JEUX LIT AVEC SALLY : Un pavé de plus de 700 pages

C’était le thème du club de lecture du mois de mai

Nous étions 7 à explorer le sujet

Audrey a lu

Résumé : La guerre est un enfer, mais c’est aussi un gagne-pain pour certains, comme Monza Murcatto, la plus célèbre et redoutée des mercenaires de Styrie. Trahie et laissée pour morte, Monza se voit offrir en guise de récompense un corps brisé et une haine brûlante envers ses anciens employeurs. Elle aura pour alliés un soûlard des moins fiables, le plus fourbe des empoisonneurs, un meurtrier obsédé par les nombres et un barbare décidé à se racheter une conscience. C’est le printemps en Styrie. Et avec le printemps, vient la vengeance.

Roman de 800 pages – se le procurer

La Chronique de Audrey

Sombre, très sombre. Même un peu glauque par endroit.
Joe Abercrombie nous sert un opus en Styrie qui n’est rien de moins qu’un nid de serpents. Au programme, la vengeance! Agrémentée d’un soupçon de trahison.

Monza, mercenaire de son état, est laissée pour morte par son employeur, le duc d’Orso après que lui et six autres hommes aient assassiné son frère sous ses yeux. Elle crie vengeance et dans l’ombre envisage de tuer les sept coupables, les uns après les autres. Aidée en cela d’une fine équipe : adepte de la torture, Homme Né, empoisonneur, mercenaire trahi, ex-bagnard. Tout ça fait un petit monde avec des personnalités atypiques, amorales, loin d’être manichéennes, qu’on apprécie autant qu’on désapprouve voire déteste par moment.

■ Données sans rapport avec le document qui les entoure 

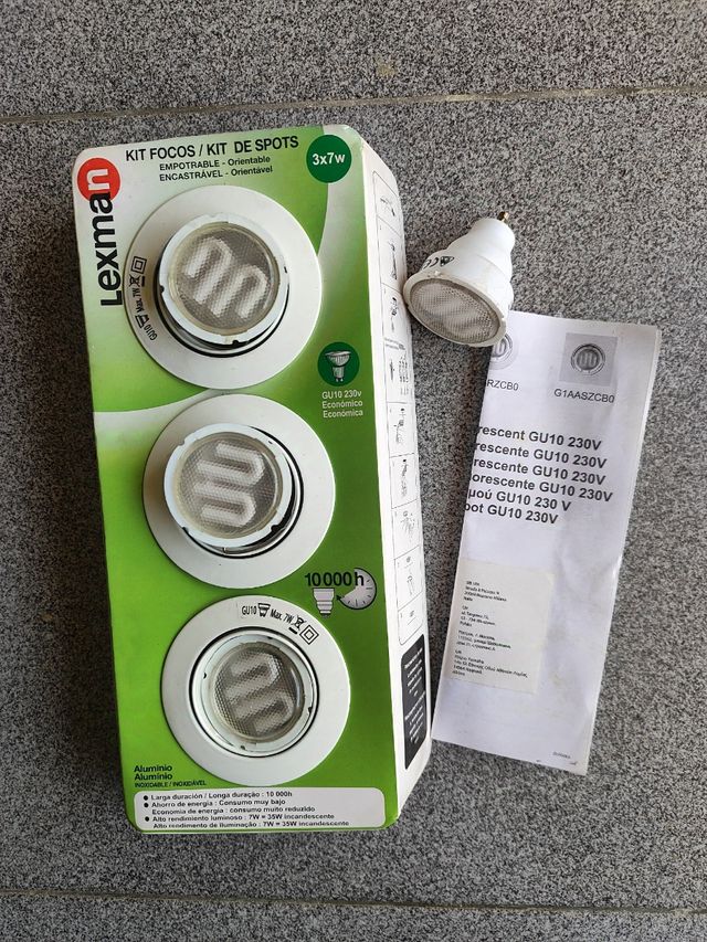 Kit de 3 focos encastráveis e orientáveis Lâmpadas led fluorescentes económicas GU10 230v Oferta de 1 lâmpada extra Marca Lexman

Avec astuce, l’auteur nous dévoile par les différents objectifs de Monza la situation politique de la Styrie, les cités en conflit les unes avec les autres, les ambitions des puissances voisines rivales, les aspirations du duc d’Orso. Une trame de fond palpitante!

Dans ce long pavé, les coups de théâtre sont nombreux. Pas trop le temps de s’ennuyer, d’autant que le livre est divisé en sept parties et on devine aisément la fin de chacune de ces parties. La sixième partie est celle qui m’a sans doute le moins emballée mais la fin est épique.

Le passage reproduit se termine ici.